The strange characters throughout the previous post are not expletives. I don’nt know what they are. Maybe i’ve screwed up the code somehow?
Another way to look at it: you don’t take somebody elses experience for your own. Flat is faster, fine, prove it… and after you’ve gone and proven it to yourself you come up with your own decision… which, often, is the collective opinion. But every once in awhile the conclusion is different, and ‘viola’, a new idea is born, and so comes the new shapes and materials, fin setups and superchargers, and yes, even the collapsable surfboard that can fit in the “boot” of your car. I’m the same way, and I’d bet the majority here is too, that’s why we’re here, we like to do things ourselves, even if it means finding out the hard way. Don’t look down, look up, there’s more going on up here…

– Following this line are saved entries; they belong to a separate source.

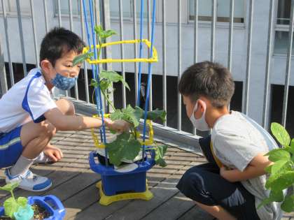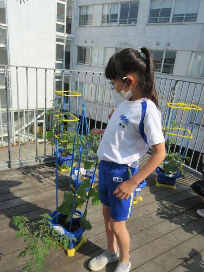 子供達は、毎日野菜のお世話をがんばっています。その中で、「花が咲いたよ。」「私の腰くらいまで大きくなった。」とたくさんの成長に気づいて、とても嬉しそうでした。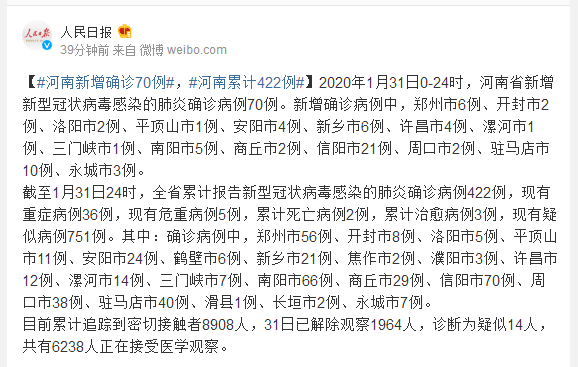 截至1月31日24时,全省累计报告新型冠状病毒感染的肺炎确诊病例422例,现有重症病例36例,现有危重病例5例,累计死亡病例2例,累计治愈病例3例,现有疑似病例751例。其中:确诊病例中,郑州市56例、开封市8例、洛阳市5例、平顶山市11例、安阳市24例、鹤壁市6例、新乡市21例、焦作市2例、濮阳市3例、许昌市12例、漯河市14例、三门峡市7例、南阳市66例、商丘市29例、信阳市70例、周口市38例、驻马店市40例、滑县1例、长垣市2例、永城市7例。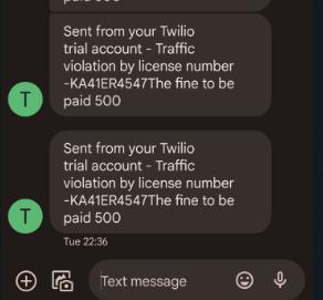 In figure 15, we can observe SMS alert that is sent by the systemafteridentifyingtheviolator’snumberplate.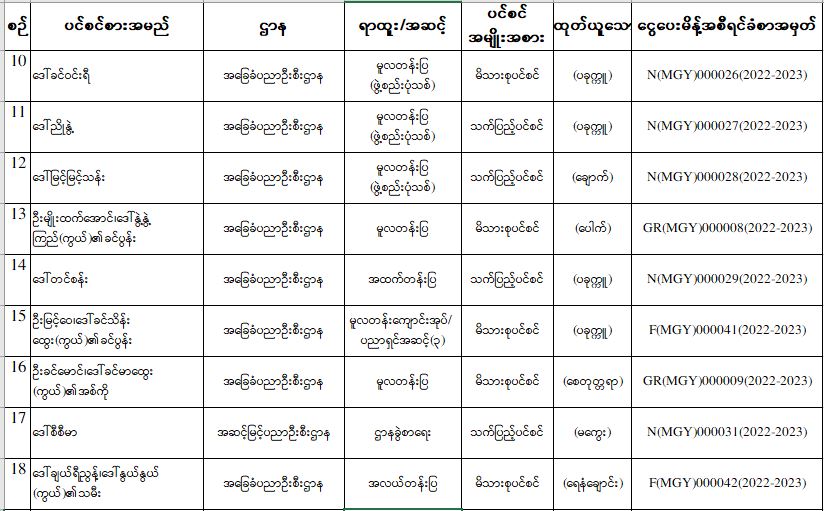 ပင်စင်ဦးစီးဌာန၊ မကွေးတိုင်းဒေသကြီးဦးစီးမှူးရုံး၏ ငွေပေးမိန့်ထုတ်ပြန်မှုစာရင်း (မေလ ပထမအပတ်အတွင်း) pension_editor Thu, 05/05/2022 - 15:22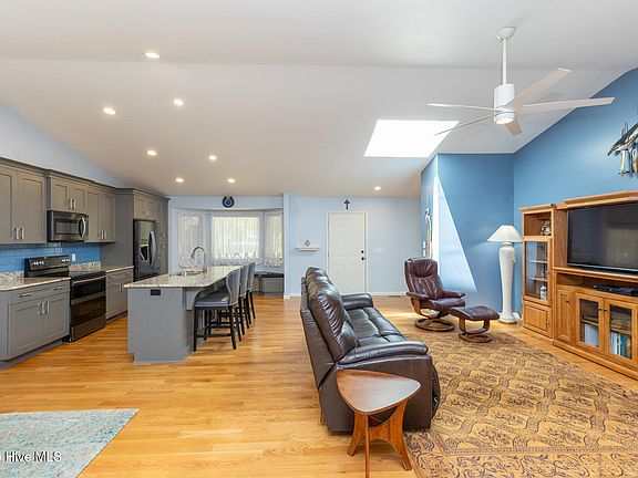 This beautifully updated 3-bedroom, 2-bath waterfront home in the popular Seven Lakes North community is perfectly positioned on a picturesque 0.36-acre lot, offering a blend of modern comfort and natural serenity. Step inside to discover a truly open-concept layout, highlighted by vaulted ceilings spanning the living room, kitchen and dining area, with hardwood floors throughout the main living areas and bedrooms. The spacious living room features a charming brick gas-log fireplace creating a cozy yet airy atmosphere. The completely remodeled kitchen boasts granite countertops, stylish tile backsplash, and a large center island, ideal for entertaining or casual dining. Adjacent to the kitchen, the dining area is by double glass doors to a screened porch, perfect for relaxing with a view. Step onto a great back deck overlooking a peaceful, shady garden-like backyard with breathtaking views of Lake Ramapo. The primary bedroom suite has sliding glass doors that open directly to the deck, perfect for waking up every morning to shimmering water views! This home must be seen in person to truly appreciate its warmth, charm, and thoughtful updates. As a resident of Seven Lakes North, you'll enjoy access to an array of exceptional community amenities, including multiple lakes with parks, picnic areas, and swimming beaches, clubhouse with community pool, basketball and tennis courts, and an equestrian center. Don't miss your chance to own this move-in ready waterfront gem!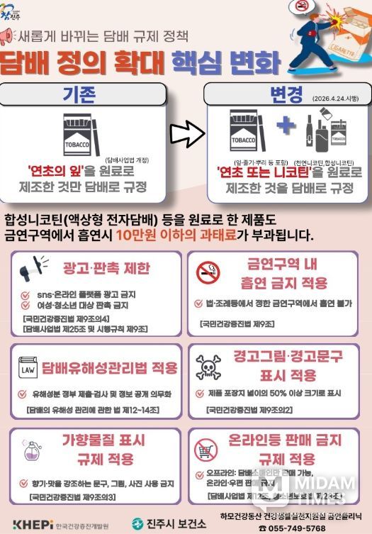 미담타임스 황명수 기자 | 진주시는 담배의 정의를 확대한 '담배사업법' 개정안이 24일부터 시행됨에 따라 금연 구역에 대한 지도 점검을 강화한다고 밝혔다.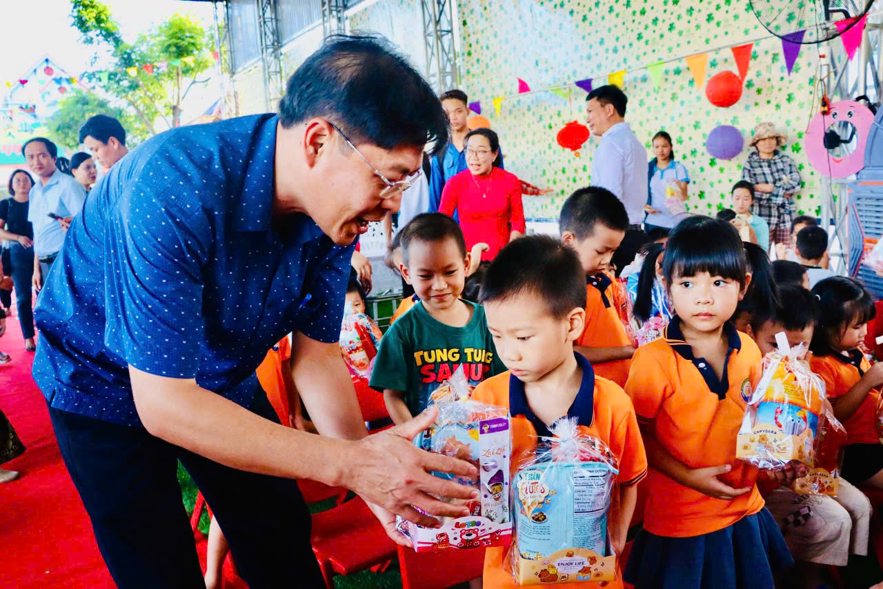 Đồng chí Đồng Xuân Sơn - Bí thư Đảng ủy, Chủ tịch HĐND xã tặng quà cho các bé tại trường Mầm non Thanh QuangTham dự và chung vui cùng các cháu có đồng chí Đồng Xuân Sơn – Bí thư Đảng ủy, Chủ tịch HĐND xã; đồng chí Phùng Thị Mai Anh – Phó Bí thư Thường trực Đảng ủy xã; đồng chí Nguyễn Văn Ngọc - Ủy viên Ban Thường vụ Đảng ủy, Phó Chủ tịch HĐND xã; đồng chí Lê Hải Hà - Phó Chủ tịch UBND xã, cùng lãnh đạo một số ban, ngành, đại diện doanh nghiệp, đông đảo phụ huynh và tập thể cán bộ, giáo viên, nhân viên Trường Mầm non Thanh Quang.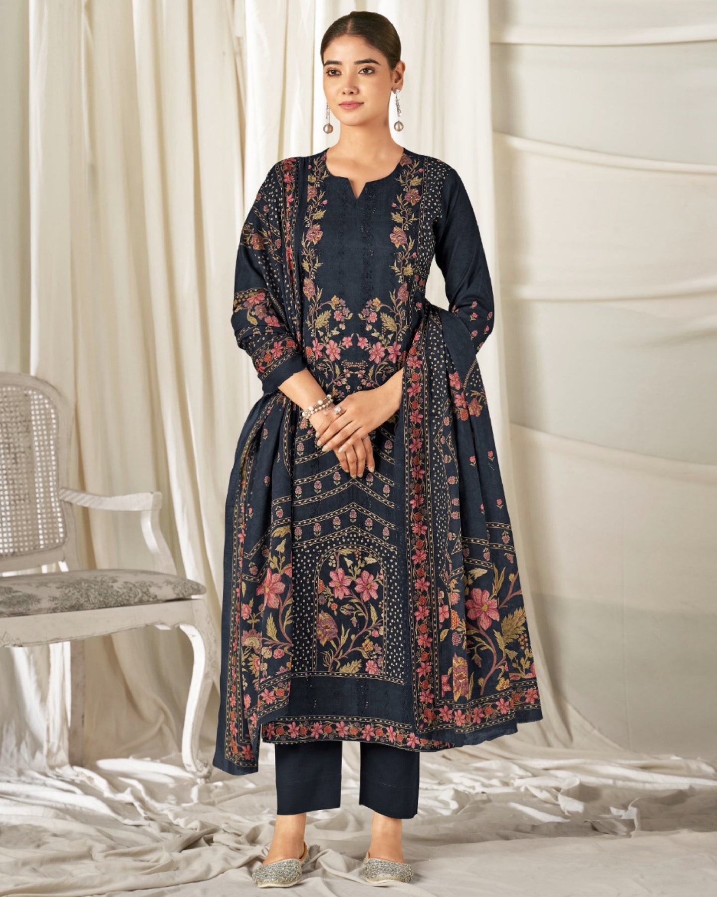 43991 - Printed Cotton Embroidered Suit With Cotton Duppatta

Alex: Actually, your approach sounds logical - gain control of one factor before blending in another. Are you reinventing the wheel? Perhaps, but it is your wheel. Perhaps, when you are meditating on the next board or the one after you will have a moment of inspiration and come up with the great idea. If you do all your previous work will give you the confidence to ignore the nay sayers and develop your concept. Then the question will be: Should I have spent the time on something of greater benefit to society than a toy? The metaphysical questions never end. Enjoy the moment.Patrick
I think that question / observation extends much further than just shaping surfboards. How many times have you told your old man to #@%!-off only to do or think exactly as he said ten years later. Regarding the weird characters…are you cutting and pasting your text from another program? that could be the problem. S.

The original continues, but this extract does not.